Category Archives: Linnea Lomax

Sierra LaMar: Anatomy of a Search Day 191

Linnea Lomax

We who are drawn to and volunteer at missing person search centers are focused on the singular goal of rescuing and/or recovering a missing person. Sometimes, as in the case of Linnea Lomax, the missing person is found very quickly, as we are just learning to recognize each other’s faces. We shake hands and return home knowing that we have helped a family find answers. Other times, searches can be drawn out for months or even years. People who might not have met for any other reason or purpose suddenly find themselves captives of the emotional vortex that is the search center. That is when things can become complicated.

Polly Klaas

When we were searching for Polly in 1993, hundreds of volunteers were drawn to our search center. Some visited once or maybe twice, but others returned time and time again. Over the two month period that we were looking for Polly, as we became friends instead of strangers, many of the volunteers let their guard down and began sharing personal details about their lives. For some reason many of those volunteers, mostly women, confessed secrets to me. Some of those secrets were so deep seeded that I suspect they had never before been shared. Most had to do with being molested or otherwise victimized when they were children. As difficult as the stories were to listen to, they had to be much harder to tell, because sometimes the ladies would cry or pause to collect their emotions.

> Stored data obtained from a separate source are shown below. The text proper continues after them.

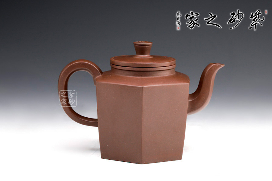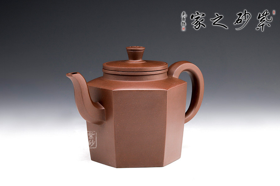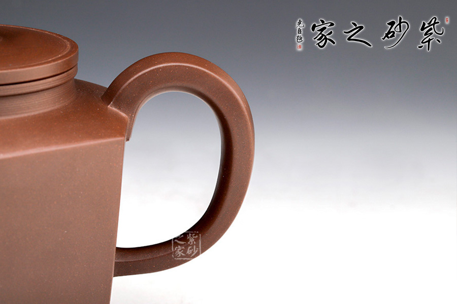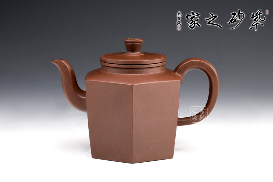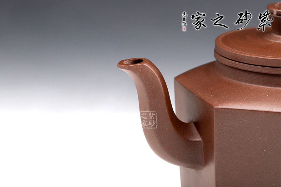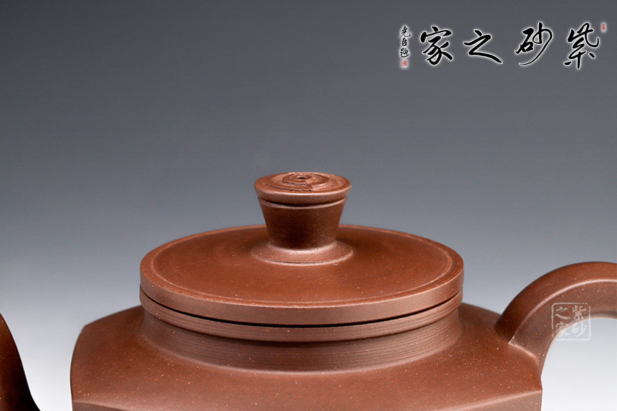 此壺以揚州出土的大彬六方壺式為藍本,在傳統(tǒng)壺式上的微創(chuàng)新之作。壺體六方,高身筒,壺肩微隆富有張力,較高的圓壺頸微微凸起的壺口線條與圓壺蓋以字母線密合。平蓋上壺紐略呈錐形,便于提拿。耳形壺鋬,三彎流,鋬流圓中有棱線與壺體呈呼應(yīng)之態(tài)。壺泥色純正,壺體干凈自然,尤顯紫砂材質(zhì)美。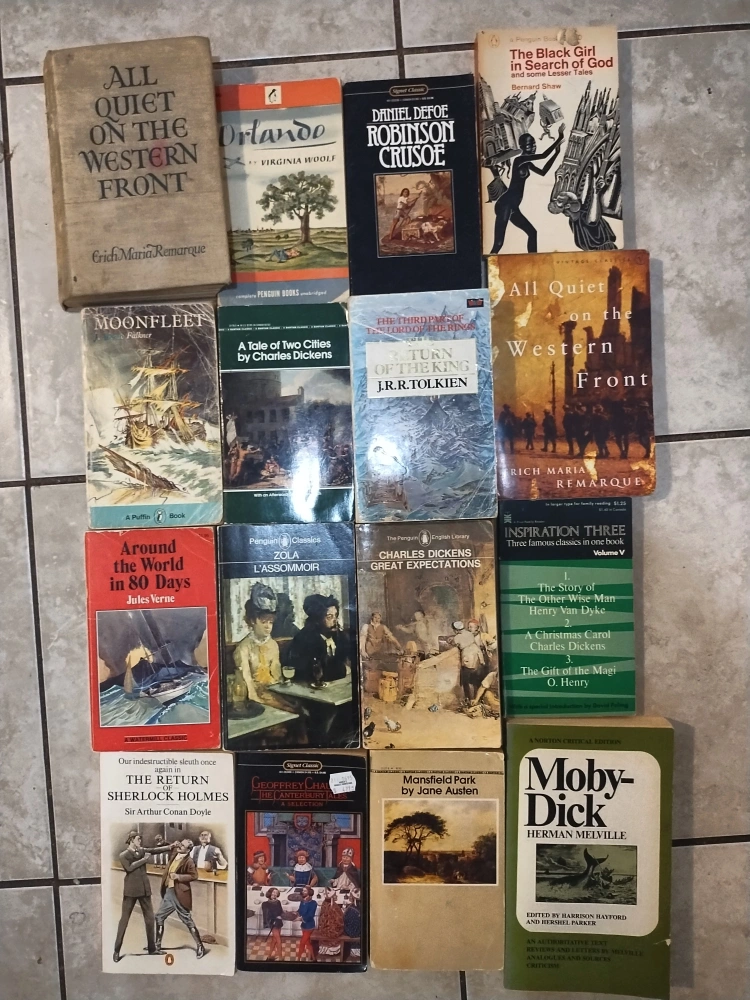 Selling a collection of classic literature books! Includes titles like: - All Quiet on the Western Front by Erich Maria Remarque - Orlando by Virginia Woolf - Robinson Crusoe by Daniel Defoe - The Black Girl in Search of God by Bernard Shaw - Moonfleet by J. Meade Falkner - A Tale of Two Cities by Charles Dickens - The Return of the King by J.R.R. Tolkien - Around the World in 80 Days by Jules Verne - L'Assommoir by Zola - Great Expectations by Charles Dickens - Inspiration Three - The Return of Sherlock Holmes by Sir Arthur Conan Doyle - The Canterbury Tales by Geoffrey Chaucer - Mansfield Park by Jane Austen - Moby Dick by Herman Melville 25 cents each.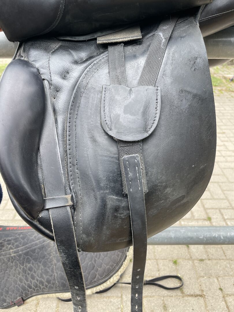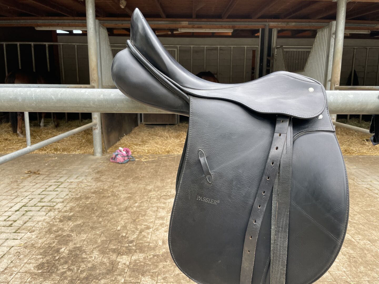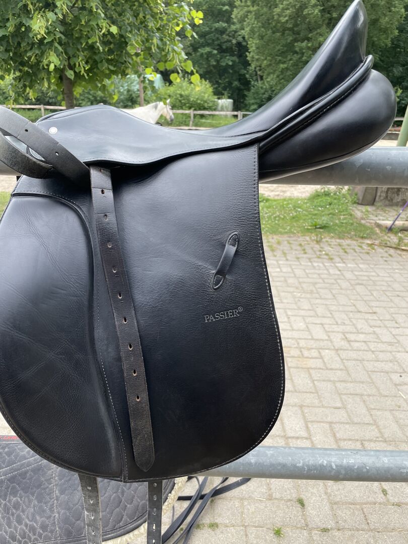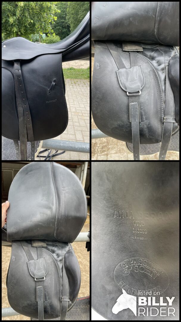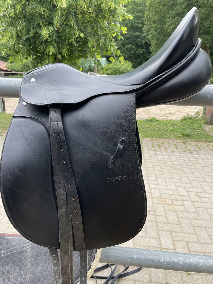 Dressuurzadel Passier - Verkoop van het dressuurzadel 'Anja Beran' van Passier. Hij is gemaakt van kalfsleer, dus je zit er heel stevig op. Het zadel werd gebruikt op een paard met een hoge schoft, de breedte van de slokdarm is ca. 18 cm. In de 2012 uitgave van "Mein Pferd" werd het zadel beschreven als een all-rounder. Het Passier-zadel, model "Anja Beran", bewees in de zes maanden durende test verrassend veelzijdig te zijn: "Het maakt niet uit of de ruiter rijbroeken of rijbroeken draagt, liever in de dressuurpiste of in de crosscountry rijdt - het zadel overtuigt in elke situatie". https://www.mein-pferd.de/x-import-von-alter-seite/equipment/der-alleskoenner__trashed/

Many carried guilt, some were still angry, others had found peace through counseling or spirituality, a few had substance abuse issues, but all were driven to help a little girl and her desperate family. Without exception, they admitted that they were volunteering to find my daughter as a way to reconcile, or make amends, with their own past.

Sierra LaMar

At the Sierra LaMar Search Center, which has been active for six months now, many of the people on the KlaasKids team are damaged souls. Violet and I lost Polly. My brother in law Kelby was also very close to Polly and has made search and rescue work a major component of his volunteer activity ever since. I met Danny Domingo at a search center in Vallejo that was established for his niece Xiana Fairchild in 1999. Her skull was found in the Santa Cruz Mountains in January, 2001.  Midsi Sanchez survived her own harrowing ordeal at the hands of a predator in 2000. Michael Le and Krystine Dinh are currently attending the trial of the woman who killed their beloved sister and cousin Michelle Le. Debbie and Pat Boyd, who I first met at the Sierra Search Center, have never recovered the remains of their daughter Kristie Wilson, although an individual has been convicted of murdering her in October, 2005. I share this only because I truly believe that those who have suffered victimization sometimes resolve to assist others who are currently enduring victimization as a way to give meaning to their own struggles.

Xiana Fairchild

I am concerned that many of the things that brought us together to find Sierra and now undermining the effort to achieve this singular goal. I see people criticizing and nitpicking over trivial matters. Social media is being used as a weapon to undermine, not strengthen our search effort, by focusing on peripheral issues that detract from, and not enhance the common cause. Personality clashes that should be confronted or dealt with in person are instead being posted on Facebook. Alliances and cliques that have personal agendas clutter the path to Sierra like weeds, and make it difficult to stay on course.

Midsi Sanchez

We should refocus on the positive things that have been achieved these past six months. Friendships have been formed. Some of us have found new purpose in our lives. A cause that is bigger than any of us has united us in a common goal. We have made our community proud, and we are closer to finding Sierra than we have ever been before. The work that we are doing together in Morgan Hill can be transformational if only we allow ourselves to stay the course, but right now we are drifting.

Christie Wilson

Together we need to refocus and find Sierra. By doing so, we might finally find ourselves.

We Found Something

It has been a busy weekend for KlaasKids. We facilitated a meeting between the Sierra LaMar Search Center, her family and Congressman Jerry McNerney (CA-11) on Saturday morning. Simultaneously, we participated in an important grass roots rally on behalf of Proposition 35 in Elk Grove. After that Violet and I drove to Sacramento where KlaasKids Foundation SAR Director Brad Dennis was facilitating a weekend worth of searches for missing UC Davis coed Linnea Lomax. Then we found something.

 

Congressman McNerney is the first member of Congress to visit search center since Congressman Mike Honda (CA-15) visited on June 6. Both members of Congress have expressed support for a legislation being considered as a result of Sierra’s disappearance. The new law would close the loophole that allows schools to wait until the end of the day before notifying parents that their children did not attend school.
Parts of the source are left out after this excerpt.